Centrate - Ritual

Trop, c’est trop ! Trop de nouvelles formations Thrash sortent leur premier album sans pour autant proposer une nouvelle interprétation du mot « Thrash ». Thrash ‘Till Death ou pas, nous sommes en 2017 et le mouvement qui a connu un renouveau dans les années 2000 continue de faire émule au sein de la communauté Metal. De nouveaux groupes ne cessent de voir le jour et parmi eux, les jeunes allemands de Centrate qui nous livrent leur album des débuts, Ritual, peu de temps après leur EP, Tiger Force. Mais avions-nous vraiment besoin d’un nouveau groupe de Thrash aujourd’hui en 2017 ? 

Centrate sort donc son premier album, l'opus de la vérité qui validera une fois pour toutes la pérennité d’une telle entreprise… C’est aussi celui qui nous dira si le groupe pourra tenir sur la durée. Bref le groupe n’a pas droit à l’erreur car, avouez-le, on se désespère déjà à l’idée d’écouter encore et encore le même album de Thrash Metal aussi bon soit-il. 

On enclenche le disque avec « Voodoo », un titre ambiant aux allures primates qui finit par se révéler plus dynamique au fil des mesures. Le tempo s’accélère et les cris du frontman surgissent de nulle part. Aidé d’une voix typiquement Thrash, Niki s’amuse varier les intonations tout le long du morceau. Sa voix ne cesse de jongler entre tonalités Thrash dans l’âme et cris un peu plus Death par moments. Y’a pas à dire, nous revenons au fondamentaux du genre. Back to 1986, comme si rien ne s’était passé entre temps.
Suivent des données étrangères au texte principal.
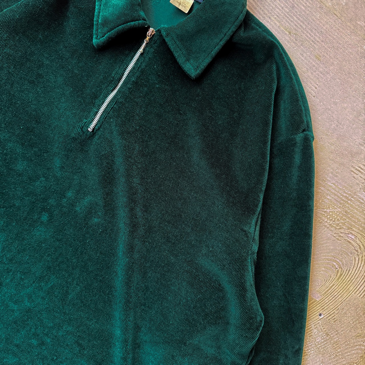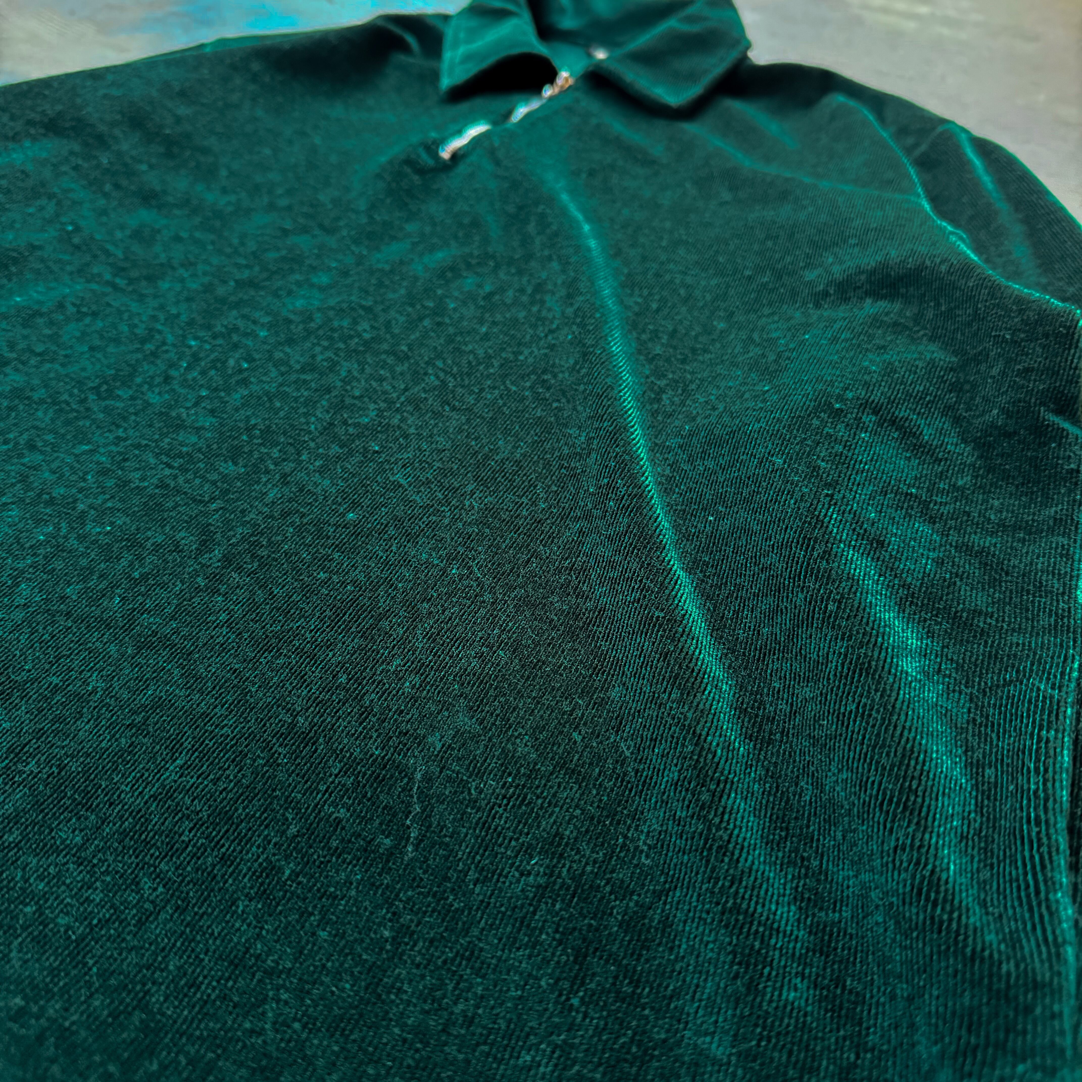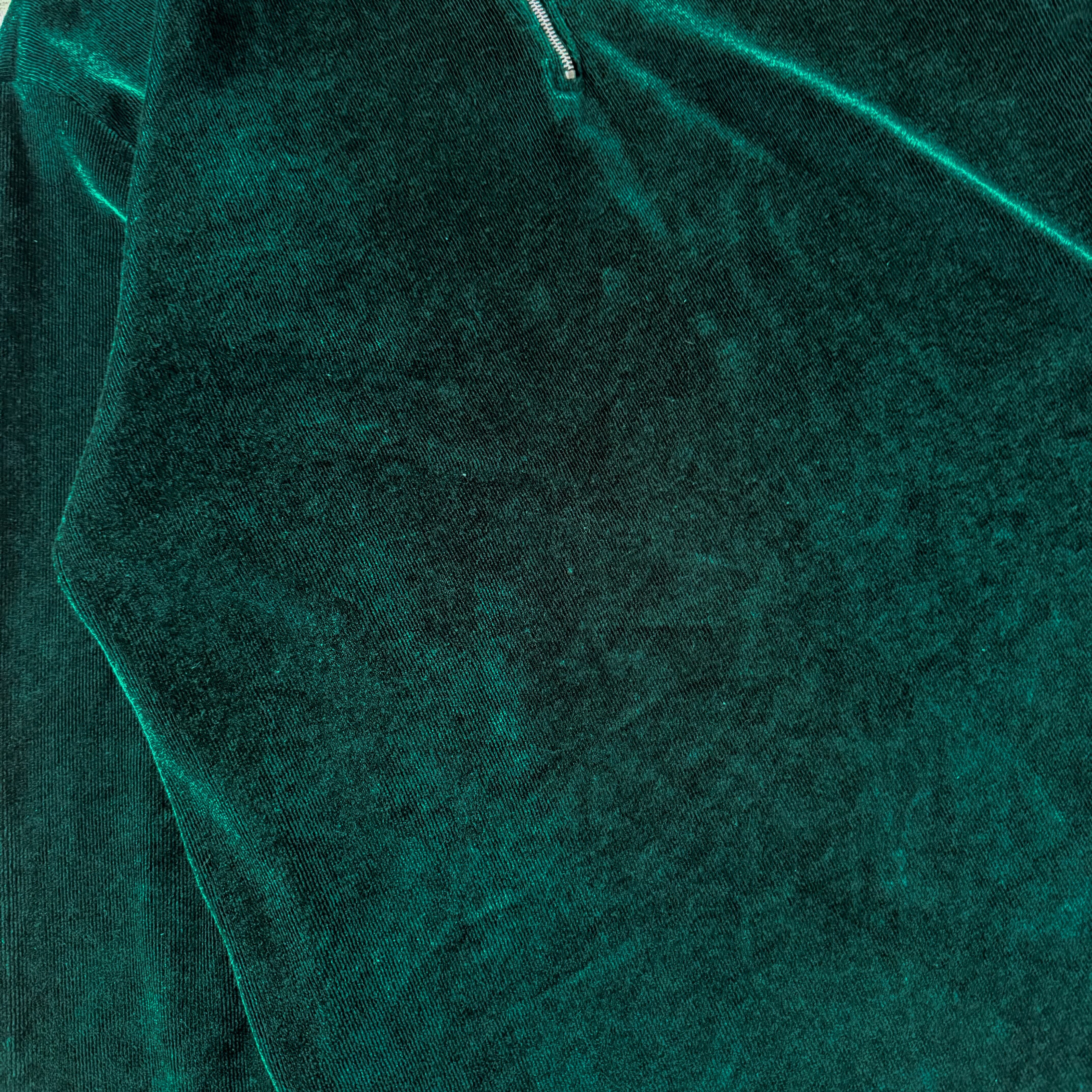 ・深いグリーンのベロア素材に、クラシックな襟とハーフジップ。
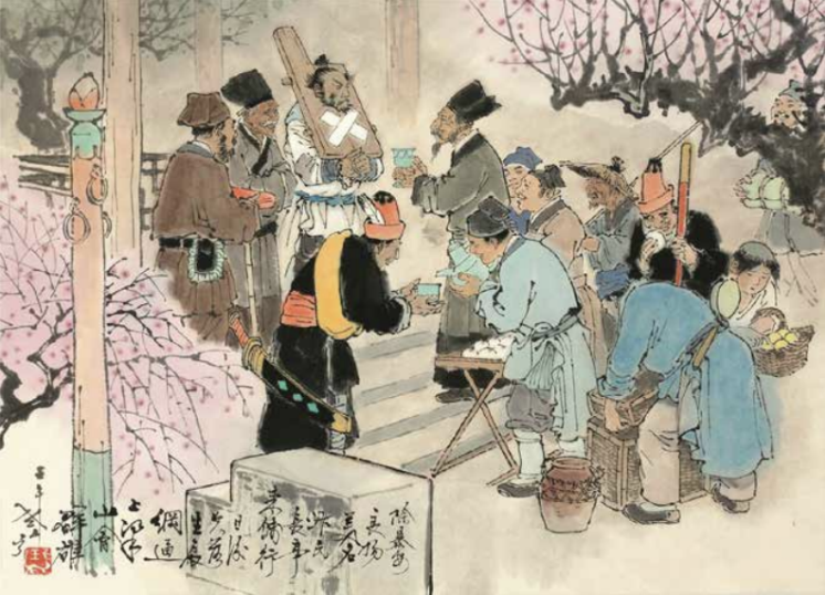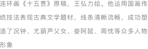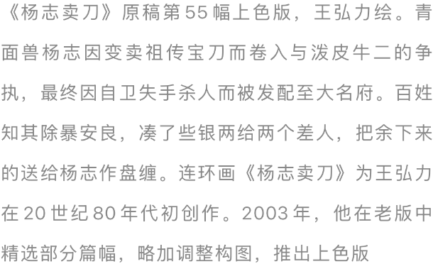 王弘力所绘《十五贯》堪称连环画的翘楚之作。整部连环画只须54幅图,但每一幅构想和构图以及东谈主物形象的形容,都是经过认真探乞降揣摩的:昏黢黑买醉的尤葫芦、单纯苦命的苏戌娟、其貌不扬的凶犯娄阿鼠、朦拢颟顸的巡抚周忱、廉明灵巧的监斩官况钟……每一帧构图都精妙如舞台剧照,每个东谈主物的眉梢眼角、轻而易举都渗入了变装的灵魂。画家沈尧伊曾说:“我把《十五贯》最爱者贴于本中,日习之。全因他笔下东谈主物皆是活的,且随故事情节伸开而幅幅牵动东谈主心。”此外,王弘力在20世纪80年代初创作的水浒故事单册《杨志卖刀》亦是不成多得的连环画佳作。他笔下的杨志,身段精深,衣衫破旧,低眉垂首,将其名满天下的失意和无奈形容得长篇大论。不异,通过紧密的面部细节和身段动作语言,把牛二的恶棍相也展现得点石成金。
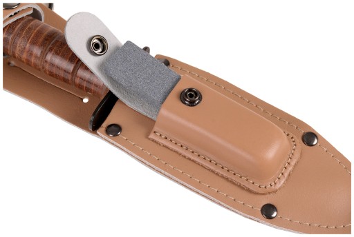 У комплект входить точильний камінь, який поміщається в невелику кишеню на передній частині піхви, застібається на застібку.
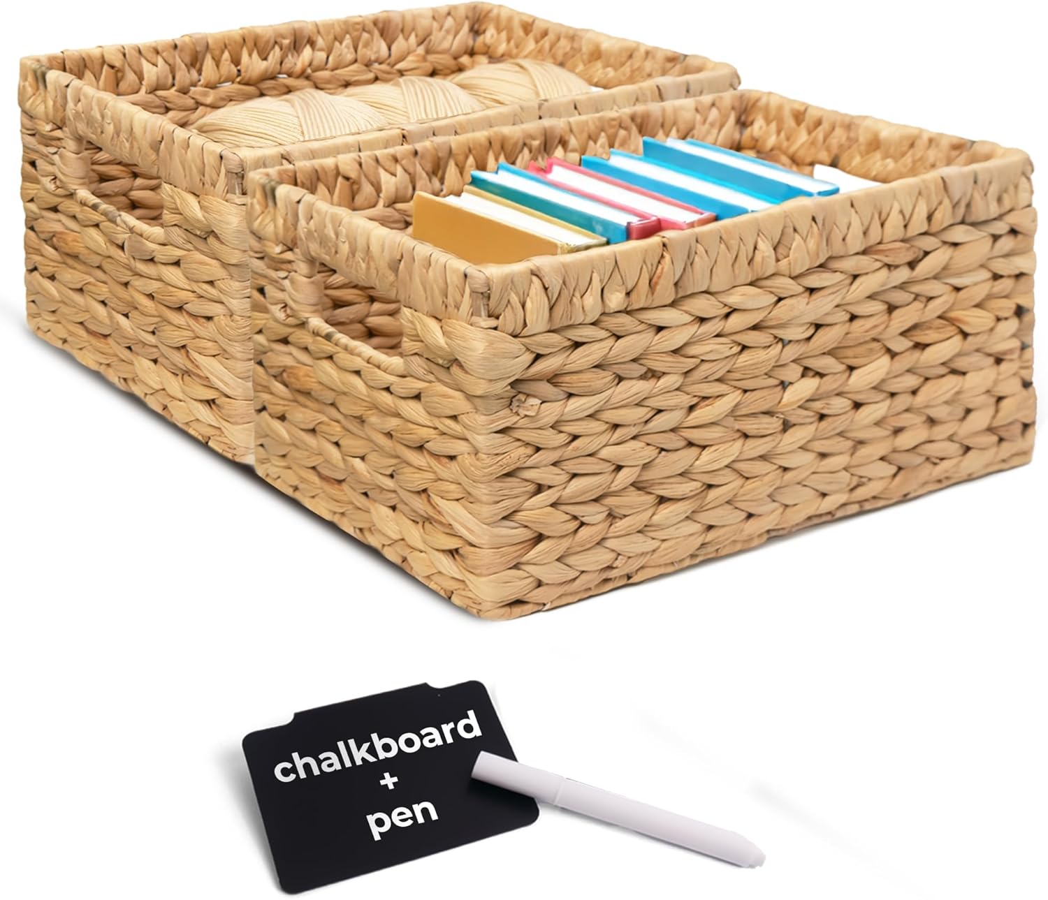 - ๐ฟ[ Pack of 2 Pcs] Designed to fit comfortably on shelves, or for room organizing. Hyacinth wicker storage baskets include two medium-sized woven storage bins (13.0 x 8.25 x 7.0 in). And may vary within 1/4 in due to handwoven.
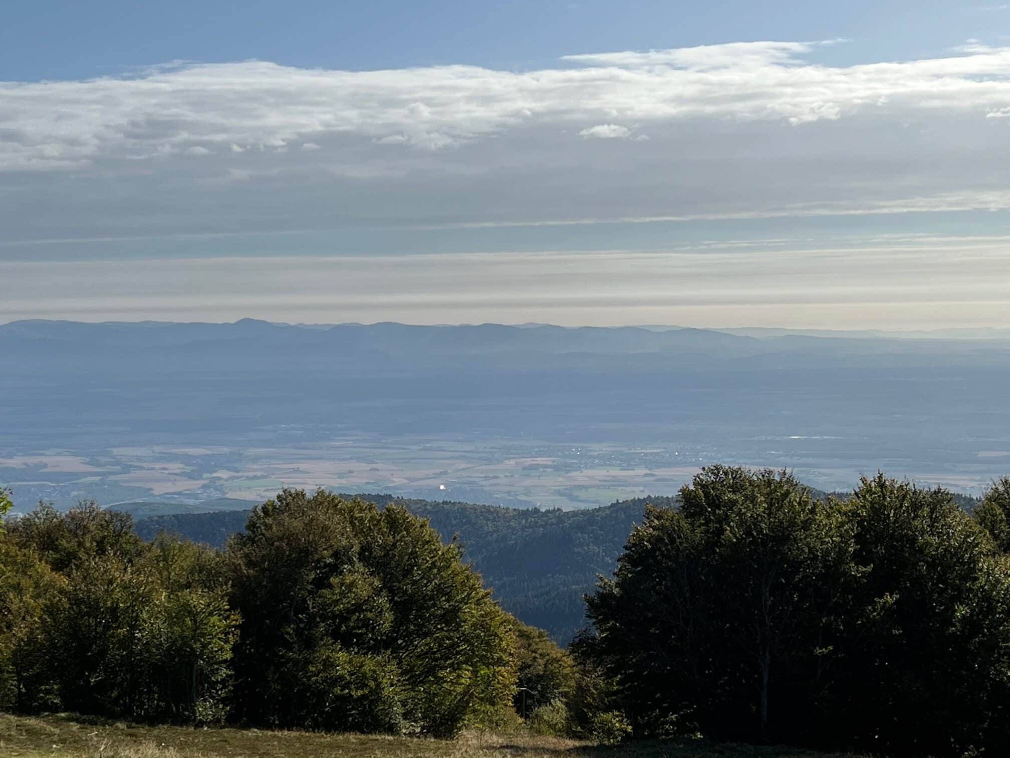 Trotz vollem Magen schliefen alle gut und stiegen am nächsten Morgen erwartungsvoll in unseren Klein-Bus zur Fahrt auf die Route des Crêtes. Den Aufstieg über die unzähligen Serpentinen meisterte unser Fahrer Daniel mühelos, während wir traumhafte Landschaft bewundern konnten. Ein kurzer Zwischenhalt auf dem Gipfel unterhalb des Grand Ballon (1424 m), um in einer Boutique de Souvenirs lokale Produkte zu erstehen oder anzuschauen, bevor wir ein paar Kilometer weiter in der Ferme «Auberge du Grand Ballon» zum Mittagessen erwartet wurden. Wieder ein üppiges Mahl…

Tous les morceaux sont de très bonne facture. Leurs structures sont efficaces et vont à l’essentiel… C’est surtout l’excellente quatrième piste « Soul Collector » qui fait mouche. Mais rien ne semble nous apporter du neuf… Certes, c’est solide, mais jamais le groupe ne prend de risques. Cette plage, « Soul Collector », en est bien la preuve formelle : un chant à la Tankard, un gimming à la Exodus… On ne va pas vous faire liste !

Pourtant, bien que la nouveauté ne réponde jamais à l’appel, la formation a fait de son mieux pour se renouveler, et ce, à chaque morceau. Centrate a essayé de créer une rupture entre les morceaux afin que les titres se distinguent les uns des autres. « Old Mans Table » et « Kill Till Death », les pistes les moins Thrash de l’album soulève l'idée que l’on peut faire du Thrash tout en variant les approches. Quand « Old Mans Table » se distingue de par ses intonations plus Hard Rock dans l’âme, l’autre, lui, est clairement plus lourd, assez proche d’un titre de Slayer et met en exergue un groupe qui puise dans ses influences tantôt plus graves pour sortir du lot. 

Satanée production ! Sortez les casseroles ! Le groupe n’a pas voulu faire dans la démonstration et ce, jusqu’au bout ! La production assez sommaire ne soulève pas le charme de certaines pistes, et c’est bien dommage. Elle défigure même quelques-unes d’entre elles en leur incorporant sans le vouloir des petits effets Punk. Dommage, la batterie aurait pu gagner en profondeur.  

Nous ne sommes pas pleinement convaincus par cet album bien qu’il soulève toutefois un énorme potentiel « live ». Peut-être que la captation studio a stérilisé des morceaux typiquement conçus pour être joués sur scène. Quoi qu’il en soit, nous ne le saurons jamais sauf si Centrate décide de poser ses flight-cases dans la région.